» INPUT DATA

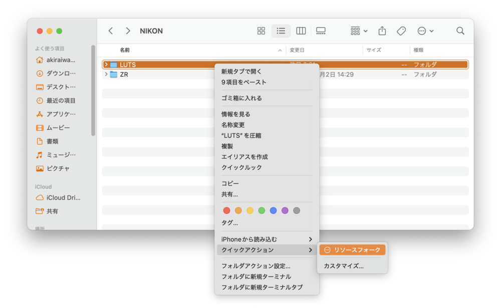 LUTSのフォルダを右クリックし、クイックアクション>リソースフォークをクリック。
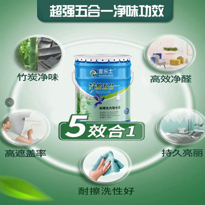 超耐擦洗净味竹炭内墙乳胶漆家用白色墙面漆自刷室内油漆水性涂料
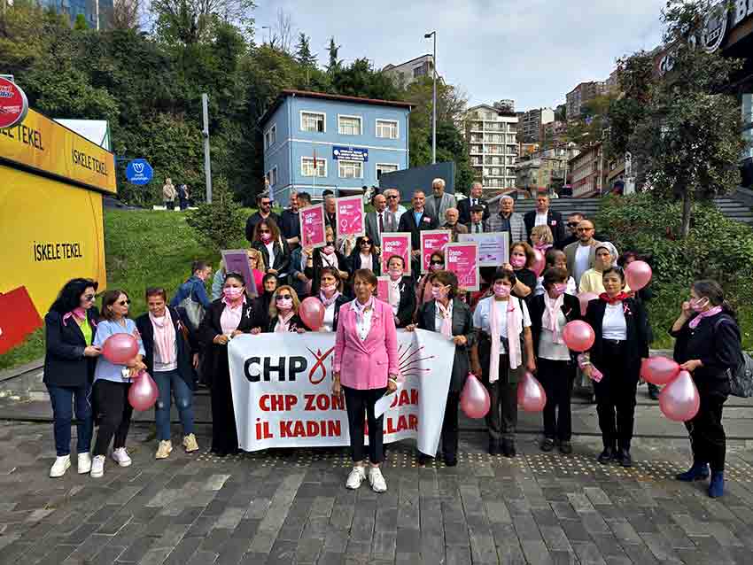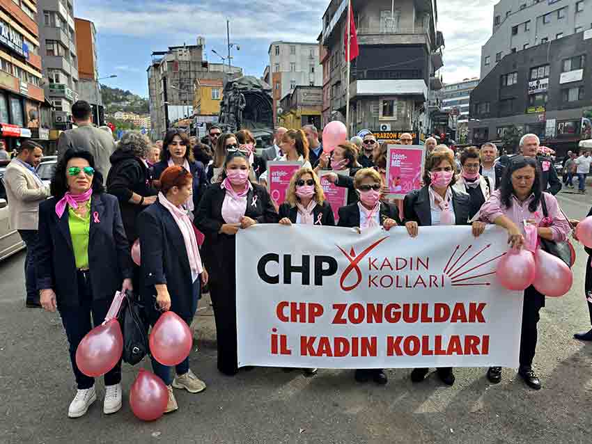 Cumhuriyet Halk Partisi (CHP) Zonguldak İl Kadın Örgütü, 1-31 Ekim Meme Kanseri Farkındalık Ayı kapsamında Madenci Anıtı’nda basın açıklaması yaparak farkındalık yürüyüşü gerçekleştirdi. Etkinliğe; CHP İl Başkanı Devrim Dural, Merkez İlçe Başkanı Nazmi Özden, il yönetim kurulu üyeleri, belediye meclis üyeleri, il genel meclisi üyeleri ve çok sayıda kadın katıldı.

» PROBLEM DETAILS
Omit each picture, then return all of the listing exactly as it stands.

» ANSWER TO THIS EXERCISE
 LUTSのフォルダを右クリックし、クイックアクション>リソースフォークをクリック。
 超耐擦洗净味竹炭内墙乳胶漆家用白色墙面漆自刷室内油漆水性涂料
 Cumhuriyet Halk Partisi (CHP) Zonguldak İl Kadın Örgütü, 1-31 Ekim Meme Kanseri Farkındalık Ayı kapsamında Madenci Anıtı’nda basın açıklaması yaparak farkındalık yürüyüşü gerçekleştirdi. Etkinliğe; CHP İl Başkanı Devrim Dural, Merkez İlçe Başkanı Nazmi Özden, il yönetim kurulu üyeleri, belediye meclis üyeleri, il genel meclisi üyeleri ve çok sayıda kadın katıldı.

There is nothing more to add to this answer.